抗弁書のなかで米国政府は、LHCに対する米国政府の出資比率は限定的なもので、米国政府がCERNに対してLHCでの実験停止を求めることはできないこと。LHCはスイスとフランスの国境沿いに建設が行われたもので米国の裁判所は外国の科学実験施設に対して、実験の停止を命じる法的根拠はないこと。原告らの主張は実験に基づいた科学的主張ではなく、推論であること。例え、米国の裁判所が実験停止の仮処分命令を出したとしてもCERNには米国の裁判所命令を履行する義務はなく、CERNは実験を実施することが可能、と主張し、この裁判の正当性そのものに疑問を呈した。

原告らはLHCで予定されている極小ブラックホール生成実験を実施した場合、実験の過程でアップ、ダウンとストレンジから成る異質のストレンジレット(Strangelet)と呼ばれる陽子を生成され、このストレンジレットは近くに存在する物質を取り込みながら成長することによって地球をも飲み込む巨大ブラックホールに成長する可能性があると主張。その上、改めて実験の安全性を多数の科学者を交えて検証する期間、CERNが実験を強行しないように実験の一時中止を求める仮処分を裁判所に求めている。
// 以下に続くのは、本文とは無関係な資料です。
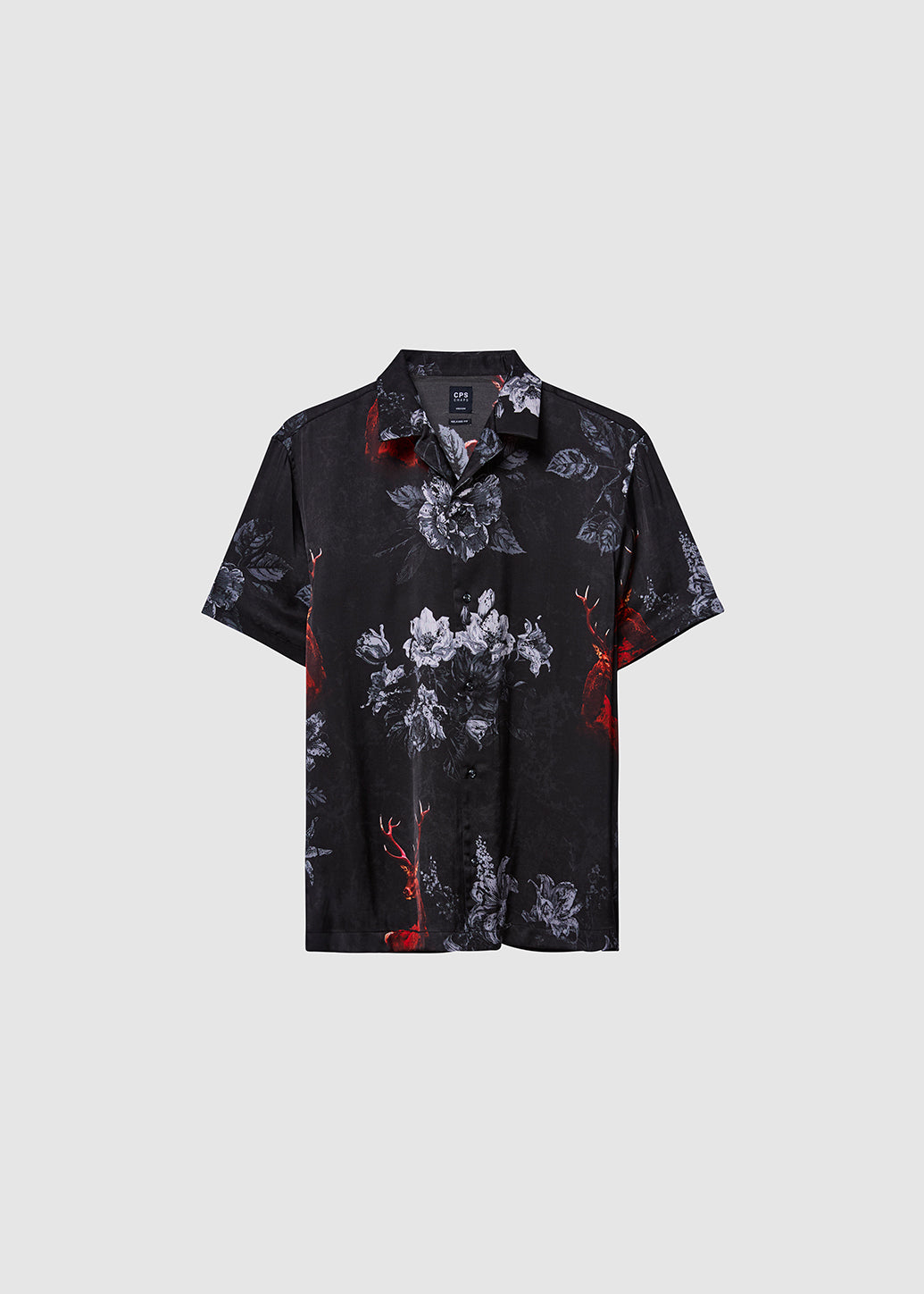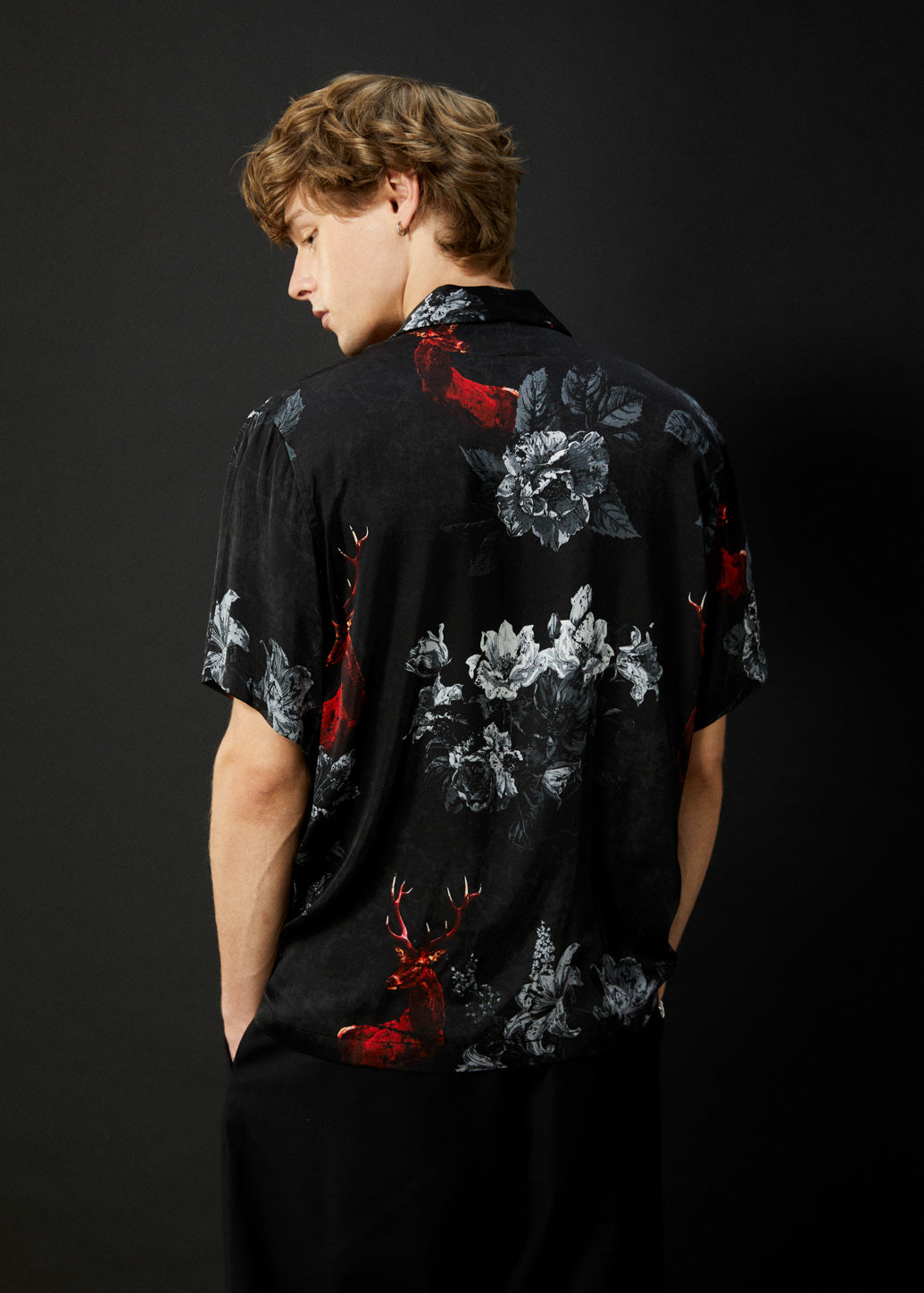 This black short-sleeve hawai shirt is the new holiday essential. It features an iconic graphic print of Red reindeer and White Christmas, masterfully blending three core colors for instant festive style. Throw it on with any bottom; this is your update to a confident, edgy "Christmas Rock" look all season long.

原告らはまた、LHCには米国の連邦政府機関も一部、出資を行っており、出資者の権限として実験の一時停止を求めることは十分に可能だと説明している。

米国内で実験停止を求める訴訟が起こされたことに関して、CERNでは裁判は「ナンセンス」だと述べた上で裁判の進展状況に関わりなく今のところ8月頃からの開始を予定している実験開始に向けた最終準備を進めている。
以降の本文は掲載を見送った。